A: You have a number of challenges that you need to address in order to get rid of the rust. For starters, you use a lot hot-rolled-steel (HRS), which has a lot of organic impurities such as rust inhibitors and a number of inorganic substances such as mill scale. So the soils that you have on your parts will challenge any simple approach to cleaning and treatment. In addition, you add some challenges when you cut, weld and assemble the parts. Your pretreatment approach needs to address all of these challenges to get the rust to a better place.
First, you will want a good chemical system that can remove the organic soils and treat the surface. An acid cleaner may be useful to help break down the mill scale and weld smut. Zirconium makes sense, if you have some aluminum parts. It also is useful because it does not create the sludge that is normal with iron or zinc phosphate solutions, keeping your nozzles clean and reducing maintenance.

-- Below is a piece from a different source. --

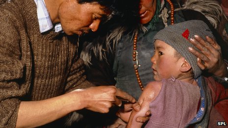 Một chuyên gia của WHO giám sát chiến dịch kiểm tra chất lượng của vắc-xin trước khi tiêm cho một đứa trẻ.  |  |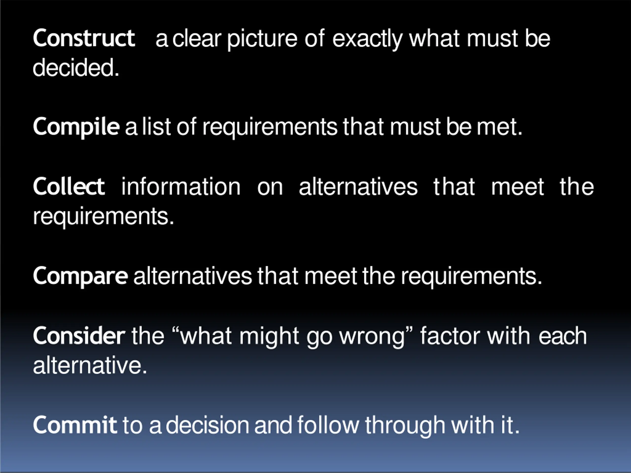 a clear picture of exactly what must be Construct decided. Compilealist of requirementsthat mustbemet. Collect information on alternatives that meet the requirements. Comparealternativesthat meettherequirements. Consider the what might go wrong factor with each alternative. Committo adecisionandfollow throughwith it.

Chemical acid solutions have been used for the removal of scale, rust and other inorganic substances, but I am not a strong supporter of that. Some solutions are strong acids and require fairly high heat to be effective, which is not something that is nice to have in the system. Abrasion works better and does not require a hazardous solution. Of course, abrasion has its own challenges. If you sand and grind by hand, you will need a lot of labor and it is not easy labor. If you set up a manual pressure blast system, you will have a person suited up in an enclosure working a difficult job with potential health hazards. You can set up an inline wheel blast system that will work well. Just keep in mind that wheel blast systems do wear over time and need maintenance to keep them in good working order. Still, a wheel blast system may be your best addition to take care of the rust and scale. Also, the cutting will produce laser scale on the edges that will cause adhesion failure, so that is something the blast system can deal with too.
So the answer is you should consider doing both — a multistage washer and a blast system. This is the most expensive approach and it will require a lot of space, but it will be reliable for dealing with all of your soils and getting rid of the rust.